A la médiathèque de l’hôpital Pompidou
du 9 mai au 9 juin 2023

Dans le cadre du Printemps du dessin et avec un financement du Centre-Inter-Médiathèques/CFDC/APHP et le soutien de la DRAC Ile de France

Médiation culturelle:
Le 10 mai à 15 h et le 31 mai à 15h à la médiathèque de l’hôpital Pompidou, 20 rue Leblanc 75015

Sur l’affiche: “No 12 “Sandrine Navarro II. Pericallis cruenta”

Aquarelle sur papier, 50×65 cm, Paris 2020

Texte d’exposition par Ene Jakobi:

Lorsque je demande à une artiste d’incarner une fleur pour mon exposition, alors là bien évidemment, des explications s’imposent…

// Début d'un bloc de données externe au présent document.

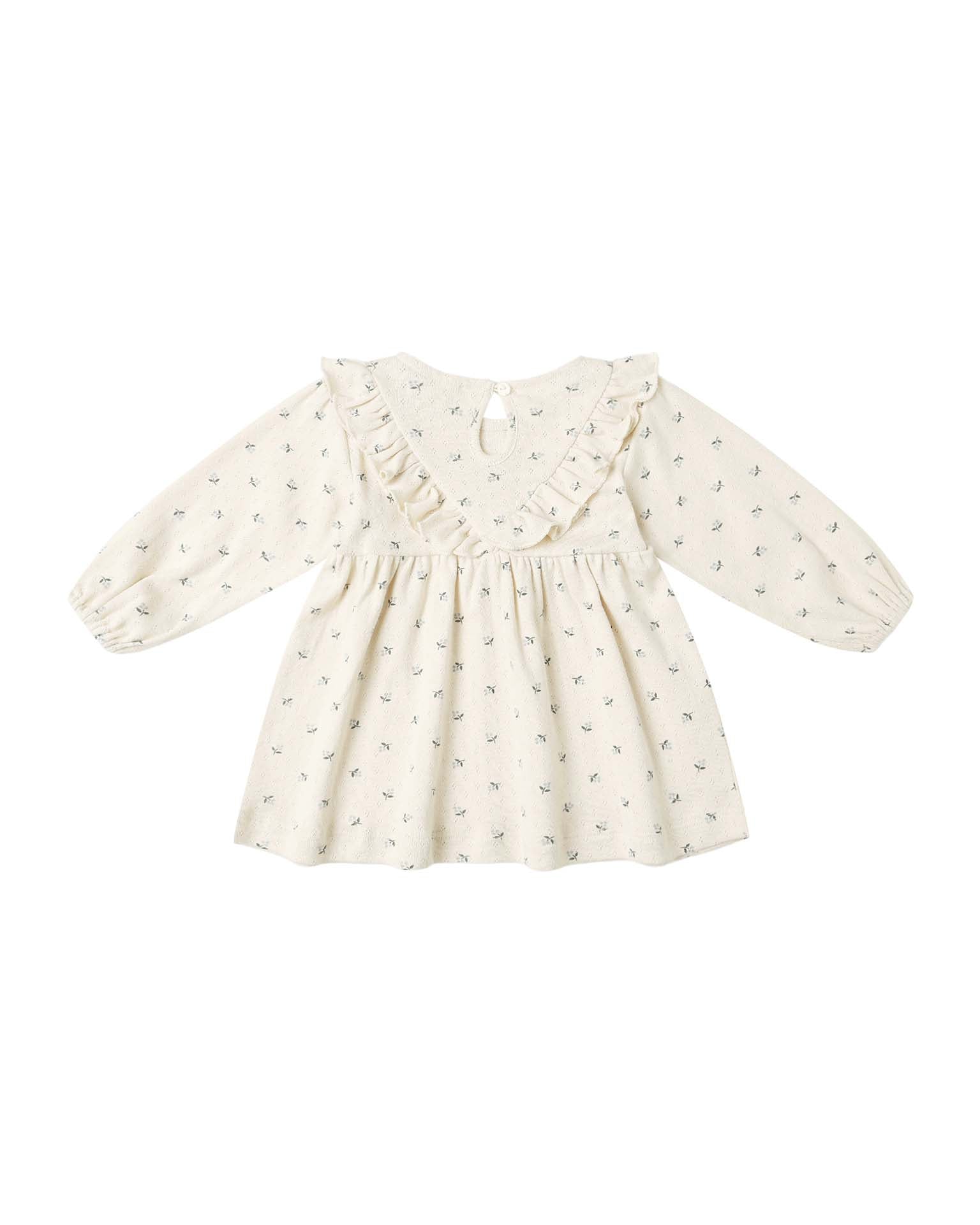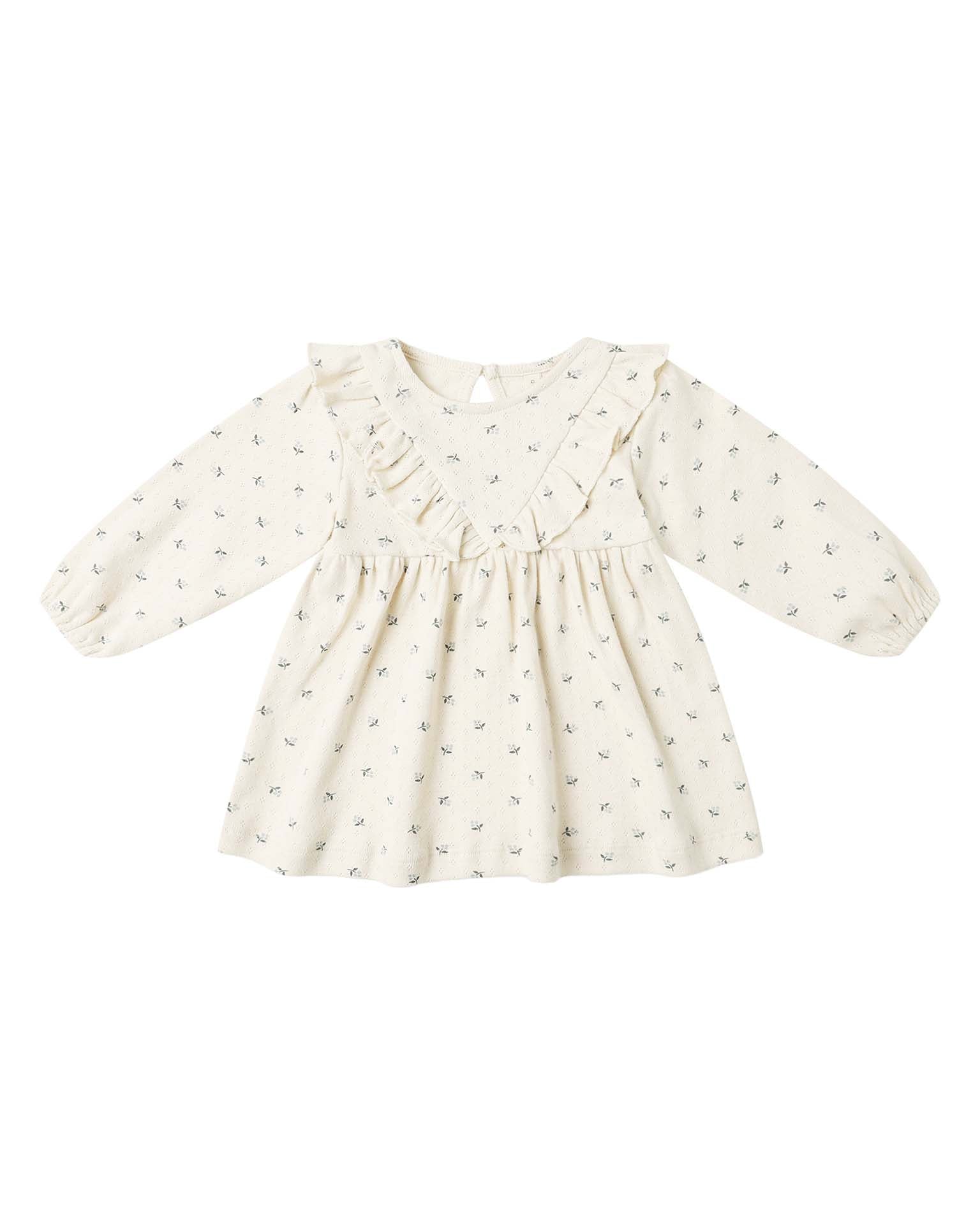 This long sleeve dress in our classic pointelle fabric features delicate V-ruffle detail, a button-back closure for easy changing, and matching bloomers for a sweet finishing touch.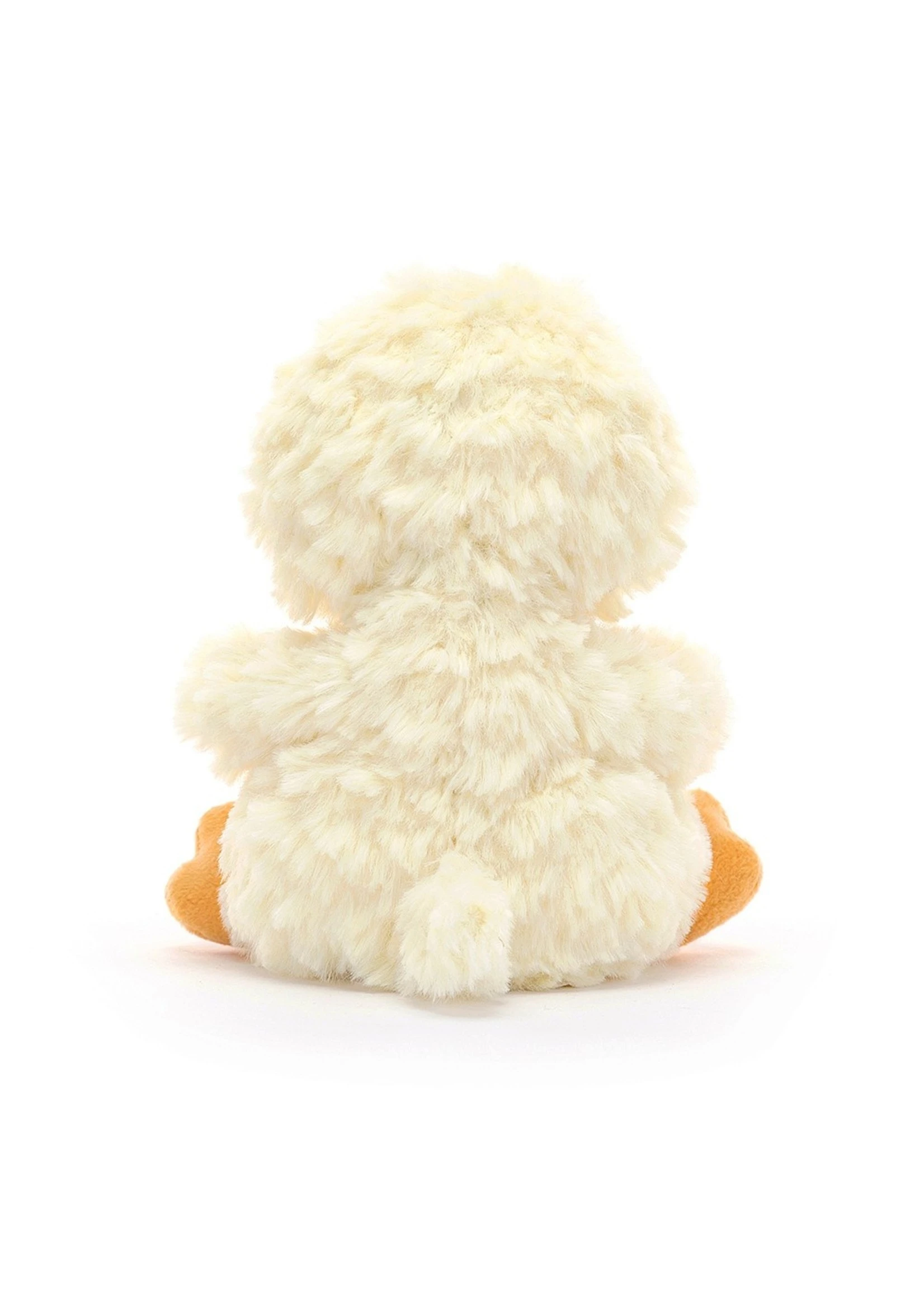 Yummy Duckling is the happiest hatchling in scrambled-egg yellow fur. Our waddling wonder has a golden beak and feet, tickly tum and waggle wings. This diddy duck is too little to fly, so give them a lift in your pocket or bag! To the pond, and make it quacky

Déjà il y avait longtemps que j’avais compris que cela ne sert à rien d’attirer l’attention du public avec quelque chose de sanglant, effrayant ou horrible. J’ai donc l’habitude de cacher mes messages de plasticienne au sein de mes oeuvres bien jolies, bien belles. Mais méfiez-vous des apparences! Pour cette exposition j’ai choisi de présenter de belles illustrations botaniques et des dessins réalisés pendant le confinement à Paris en 2020 et 2021. Comme vous pouvez le découvrir dans les titres, certains de ces dessins portent le nom d’une artiste: la compositrice estonienne Elo Masing, l’artiste franco-américaine Velvet d’Amour, la peintre estonienne Kaie Kal, la chorégraphe Odile Gheysens, l’artiste plasticienne Dagmar Kase, la professeure de tango Sandrine Navarro, la réalisatrice des films d’animation Marili Sokk, la photographe Flavia Raddavero, la poétesse Ophélie Camélia , journaliste Fanny Cohen Moreau etc. Elles ont toutes un travail créatif et elles ont choisi “d’être une fleur “parmi mes dessins. Le recto de mon dessin présente donc une personne (qui a un travail créatif) à travers une image de fleur. On offre souvent des fleurs aux artistes: pour une première, pour un vernissage, pour la représentation d’un livre, un film…
Mais ce n’est pas tout.

Pour le verso de mêmes dessins j’ai demandé à chacune de ces personnes d’écrire une phrase la plus horrible, la plus injuste, la plus déplacée qu’elles n’aient jamais entendu sur leur travail. Et vous savez, quand on prononce ces phrases en connaissant le travail remarquable de ces personnes, ces phrases deviennent alors drôles ou ridicules et perdent tout leur pouvoir de blesser l’artiste en question. Mon idée de départ était donc de laisser ces phrases en secret, de les enfermer d’une façon sûre et définitive derrière le dessin, cachée sous le cadre. Pour ôter la blessure d’une certaine façon. À ma grande surprise il y avait aussi des artistes qui ont demandé de rendre ces phrases publiques en les intégrant au titre, à côté de leur nom. J’ai répondu positivement à leur demande, car ces phrases irrespectueuses et injustes pourraient bien consoler d’autres artistes après nous.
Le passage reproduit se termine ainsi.